Hybrid loans the best bet when rates are high
As interest rates for home loans are on the rise, banks are trying to make them more affordable.
One such measure is the introduction of hybrid home loans.
Though this was introduced in India in 2004, it became popular only recently when the interest rates started heading north.
So, people taking loans, were discussing about the pros and cons of fixed and floating rates, may now think about hybrid home loans, as nobody can be 100 per cent sure of what could unfold during the long-tenure of a home loan.
What is it and how is it?
As the name suggests, a hybrid home loan is a combination of both fixed as well as floating rates. It is also known as ‘partly fixed-partly floating’ home loan.
There are two types of hybrid home loans:
Part fixed and part floating: Under this scheme, a part of your loan — as per your choice — is locked under fixed rate and the rest is under the floating rate. It is therefore a ‘mixed’ option for people, who are confused about the future movement of interest rates.
Thus, one can lessen the impact of the adverse changes in the interest rate regimes and at the same time, avail the benefits that may come if favourable changes happen.
For example, if you take a home loan of Rs 10 lakh, you can choose to take 60 per cent of it — `6 lakh — under the fixed rate home loan and the remaining Rs 4 lakh under the floating. This proportion can change based on your risk appetite.
Your risk appetite would be high if you go for a higher floating component in a rate hiking scenario and vice versa.

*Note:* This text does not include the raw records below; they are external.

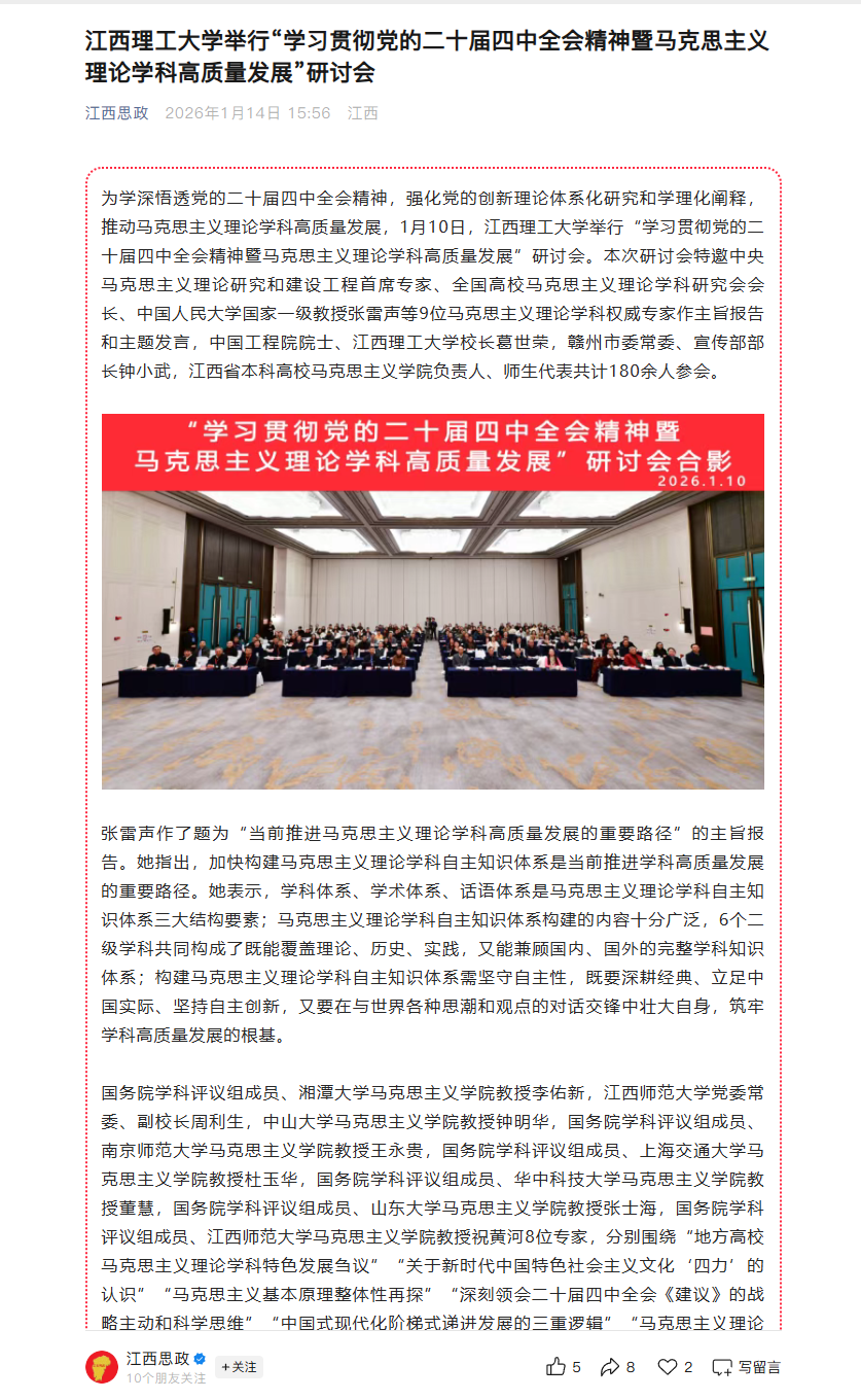 为学深悟透党的二十届四中全会精神,强化党的创新理论体系化研究和学理化阐释,推动马克思主义理论学科高质量发展,1月10日,抖阴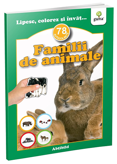 Albumul conține 78 de autocolante. Printre familiile de animale ilustrate în carte se regăsesc: struții, elefanții, cămilele, leii, gheparzii, mistreții, fazanii, iepurii, urșii, cerbul, iezii, jderii etc. Copilul își va îmbogăți cultura generală despre animale și se va distra lipind abțibilduri în locurile special create. Astfel, cartea îi va stimula copilului capacitatea de concentrare, atenția și îi va îmbunătăți motricitatea fină.
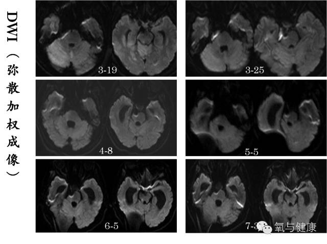 2014年3月12日下午5:20,北京天坛医院,一位男性患者,43岁,因突然出现昏迷,呼吸暂停正在紧急抢救。经紧急气管插管,呼吸机支持等抢救措施,待生命体征平稳后,急诊脑CT检查,确诊为颅内蛛网膜下腔出血,考虑动脉瘤破裂。于19:21分行脑血管介入造影,确诊为基底动脉尖夹层瘤破裂,并行动脉栓塞术。术后自主呼吸恢复,但仍呈浅昏迷状态,随后转入重症监护病房监护治疗,同时进行脑室和腰穿引流,颅内压监测。3月16日(术后第四天)患者昏迷状态加重,医院组织神经外科、神经内科、神经介入科、神经ICU和高压氧科等有关专家紧急会诊。经专家讨论认为再出血可能性很小,除加强监护治疗外,应尽早高压氧治疗。鉴于患者随后两日昏迷进行性加重,3月19日脑核磁影像发现右侧中脑、桥脑和小脑引部和半球广泛急性缺血改变,为挽救患者缺血区脑组织,改善脑干功能,随紧急于当日采用高压氧舱内抢救治疗。高压氧首次治疗后次日患者意识即出现明显好转,随后每次治疗后均有明显改善,后经经高压氧连续治疗6次后神志完全清醒,3月25日、4月8日及5月份脑核磁影像检查原脑缺血范围和程度明显好转(详见核磁影像对比)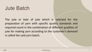 This presentation discusses the process of jute batching. Jute batching involves selecting a combination of different qualities of jute fibers to make yarn according to customer demand. The objectives of batching are to make the fibers flexible and remove hardness. Factors like cost, quality, and availability are considered for batch selection. Different compositions are used for different types of yarns, mixing hard and soft jute fibers. Emulsions are applied to make the fibers flexible for spinning. The emulsion must have appropriate properties and not harm machines or fibers.

In case if the interest rates move up, you have the option of foreclosing the floating component of the loan or switch it into fixed rate as in any other case. For some banks, foreclosure of the floating component will not be charged with any penal interests while that of the fixed portion, the standard two per cent pre-payment penalty is applicable.
Another option available is that if the interest rates go down, you can get the fixed portion of your loan converted into floating. This can be done by paying a conversion fee which comes around 0.5 per cent of the outstanding loan amount.

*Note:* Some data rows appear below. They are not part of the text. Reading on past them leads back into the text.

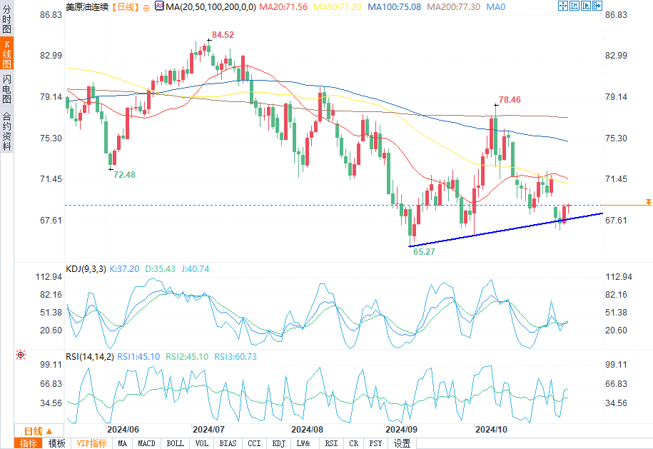 汇通财经APP讯——周四(10月31日)欧盘时段,WTI原油期货在盘中下探至68.3后反转,目前小幅上涨,报69.10美元,涨幅0.71%。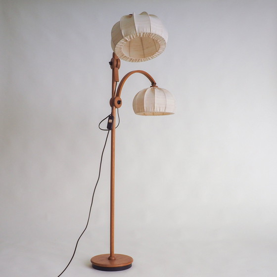 Elegante lámpara de pie de teca de Domus de 1970. Presenta un tallo escultural de teca maciza y una base redonda a juego. La lámpara está equipada con dos pantallas de tela de color blanco roto, ambas ajustables en altura y ángulo.
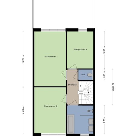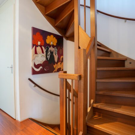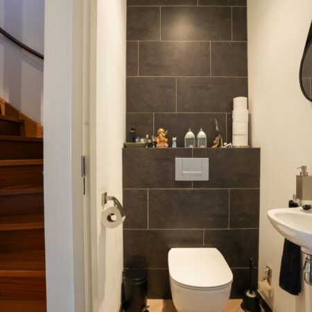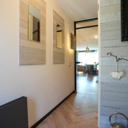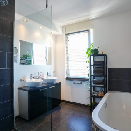 Na al het moois op de begane grond hebben we nog meer! Via de extra brede en in massief Essenhout uitvoerde gesloten trap (niet standaard) gaan we naar boven. We komen uit op de overloop die toegang biedt naar de slaapkamers, de badkamer en een separaat toilet (niet standaard). De gehele verdieping is met uitzondering van de sanitaire ruimtes voorzien van een kersen laminaatvloer en glad stucwerk wandafwerking. Het moderne, luxe toilet is voorzien van een wandcloset. De luxe badkamer van ca. 2.75 x 2.55 m is voorzien van een dubbel wastafelmeubel, een ruime inloop (regen)douche en een comfortabel ligbad. Aan de achterzijde van de woning bevinden zich twee slaapkamers van ca. 3.60 x 2.55 m en ca. 5.30 x 3.05 m waarvan de grootste beschikt over een vaste kastenwand. Aan de voorzijde van de woning ligt de derde slaapkamer van ca. 4.45 x 3.05 m, eveneens voorzien van een kastenwand.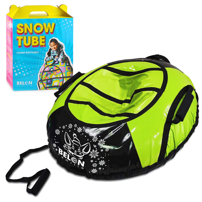 Тюбинг BELON Санки-ватрушка надувные, серия "Спорт vip", 85см, черно-салатовая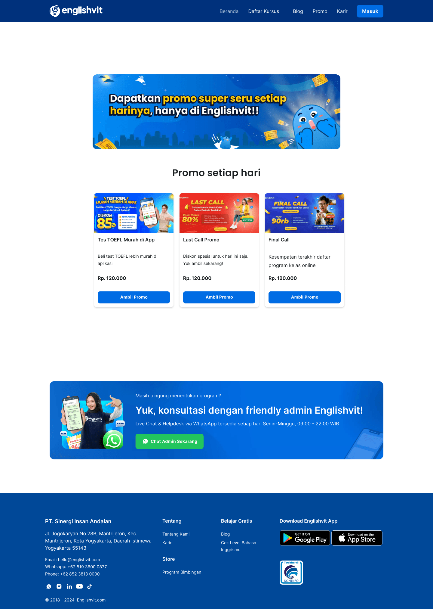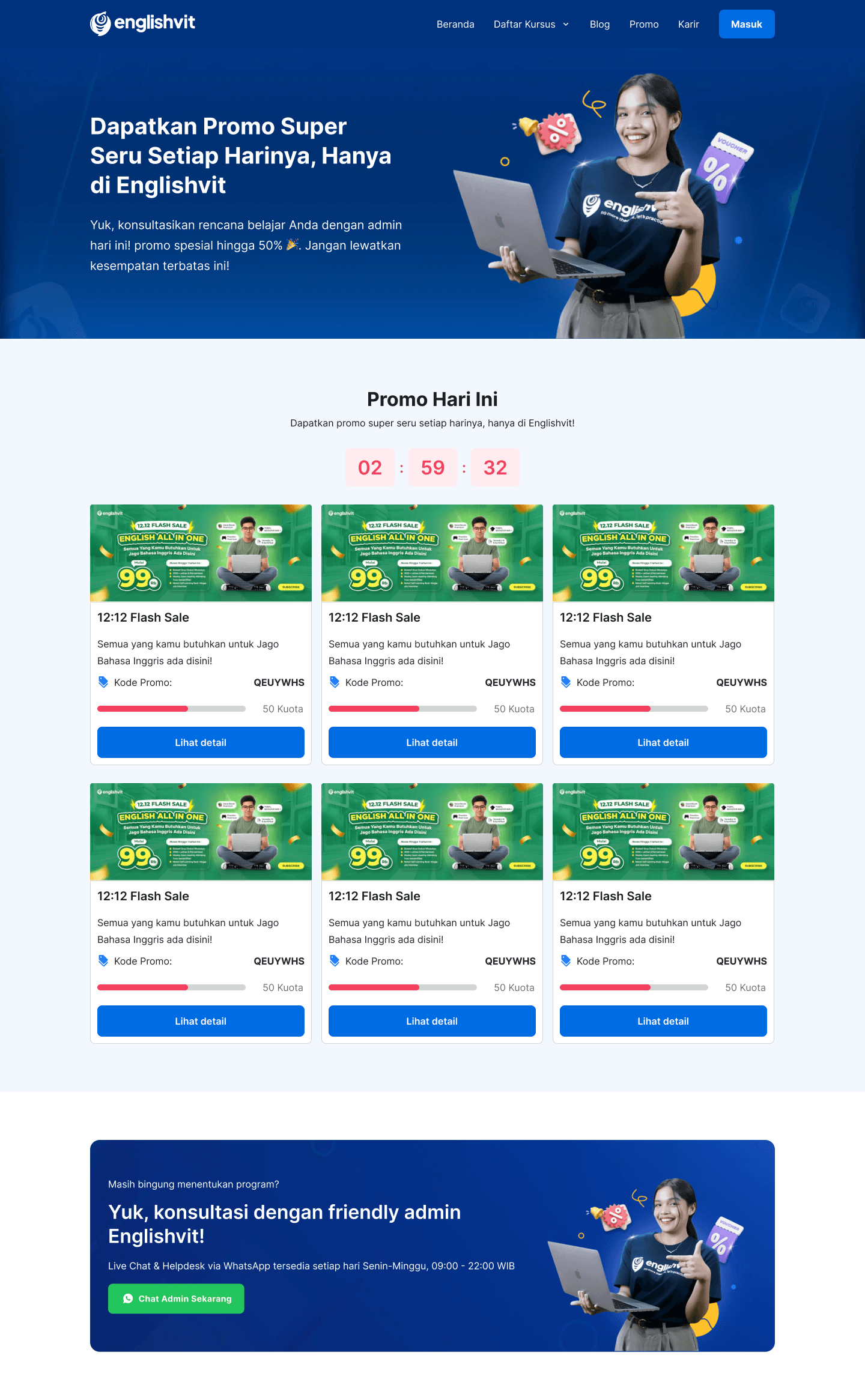 As a Product Manager, I led the project to enhance the Englishvit website, including redesigning the promo page to improve objective was to create a more engaging and efficient user experience to boost user engagement, maximize conversions, and strengthen the Englishvit brand image.

Teaser Loans: Many banks and housing finance companies sometime back launched special hybrid home-loan called teaser loans, which charges interest rates as low as 9-11 per cent for the first three years.

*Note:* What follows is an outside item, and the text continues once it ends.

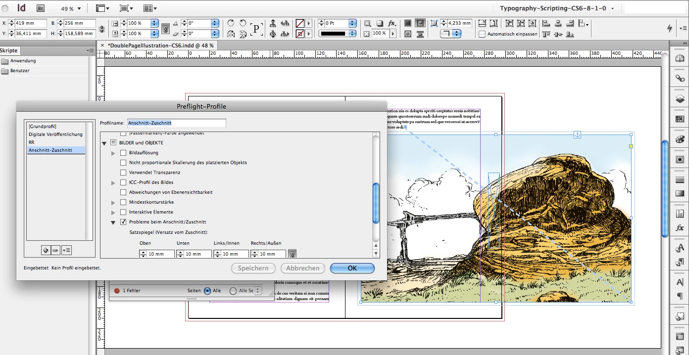 2. Illustration on odd page only. Error in preflight.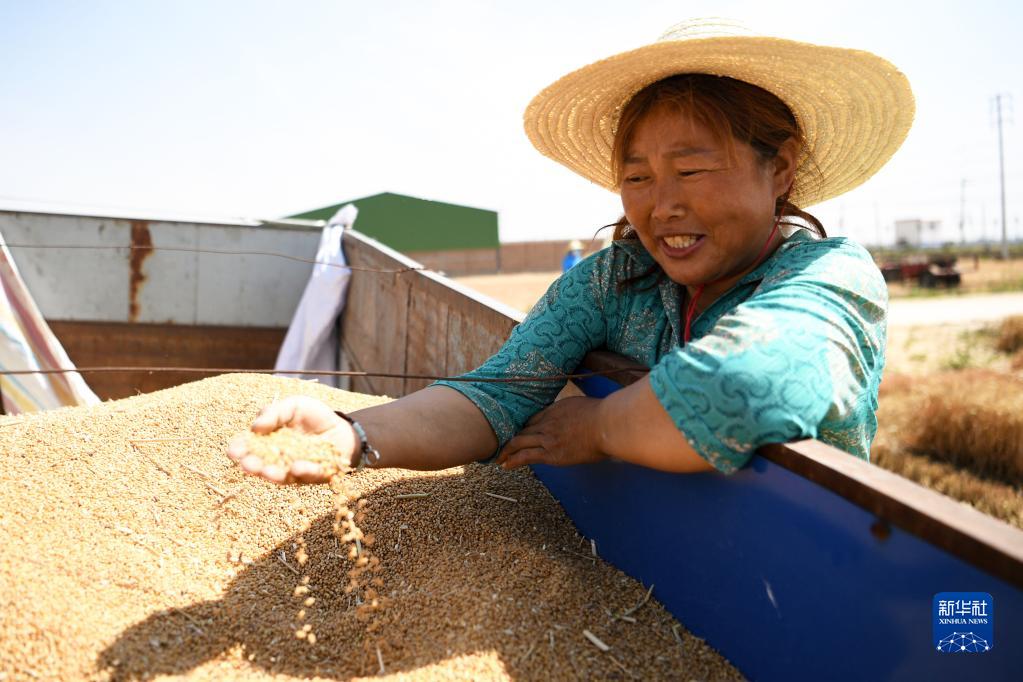 6月7日,牛玉蘋(píng)看著(zhù)收獲的新麥,露出了笑容。

Thereafter, the loan rates will float or get fixed to a rate based on the prevailing one. The interest rate for the first three years can be either fixed or floating as per the bank’s scheme or the choice of the customer.
Lenders, by introducing this clause, build a cushion to share the burden with the borrower if changes go beyond their expected range.
In all cases, fixed rates will be slightly higher than the floating one. So if the interest rates do not rise significantly, the home buyer opting for a fixed rate anyway pays a higher rate.
Now-a-days, hybrid loans are as popular as a fixed rate or a floating rate. However, this scheme has been withdrawn by several banks as RBI felt that once the teaser period is over borrowers could struggle to repay leading to defaults.
Points to take care
Very few such schemes have purely fixed or transparent floating rates. So if you are opting for a hybrid product, make sure that the financier provides a clear amortisation of the loan payback. Knowing how the principal and the interest are carried out in this loan is very important. Be thorough of the incidental charges for fore closure or switching. This may vary from time to time and from bank to bank.
It is always recommended keep an eye on the interest rate movement and see if a loan switch is more viable. However, if you are someone who does not want to go through the entire process of paper work, you could perhaps give hybrid loans a thought.